Recent
US military conduct in Fallujah, murdering cvilians,
closing hospitals and deliberately targeting ambulances,
is the latest example of the barbarism of United States
official culture. The bluff flow of US government
propaganda about promoting economic progress, democracy
and human rights still gushes confidently. But US
government and corporate abuse of vulnerable communities
and peoples in Latin America has plenty of history
to gainsay official protestations of goodwill.
The
US is extending its military presence in Latin America
at the same time as it strips away national sovereignty
on basic issues of economic and environmental management
through coercive bilateral "free trade"
deals. Other channels of intervention, apart from
the well-documented interventions of the International
Monetary Fund and the World Bank, are multilateral
integration programs like Plan Puebla Panama and the
South American Regional Infrastructure Integration
initiative - run by US-dominated development banks.

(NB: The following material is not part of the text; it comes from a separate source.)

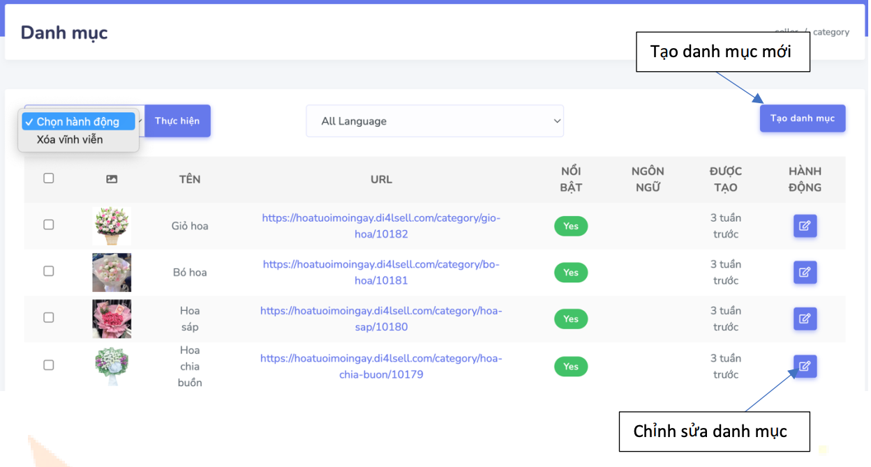 + Ảnh thu nhỏ: ảnh đại diện của danh mục.

It's worth looking at some realities about US corporate
and government behaviour to see how bankrupt the public
discourse about "democracy" and "free
markets" really is.
US
cynicism on trade - Zoellick spells it out
The
US Trade Representative's reports to Congress are
a great reality check for anyone who believes treaties
like the Central American Free Trade Agreement offer
a fair deal. Try this apparently innocuous quote,
"Over 99% of Central American agricultural exports
(on a trade-weighted basis) enter the United States
duty free already under MFN tariffs and CBI preferences.
The United States imported over $2 billion from Central
America in 2002. The vast majority of these imports
constitute non-competitive crops, such as coffee and
tropical fruits."1
Central
America's economies are overwhelmingly agricultural.
The US Trade Representative tells us that 99% of their
exports already entered the US duty free. So what
have the peoples of Central America gained from CAFTA?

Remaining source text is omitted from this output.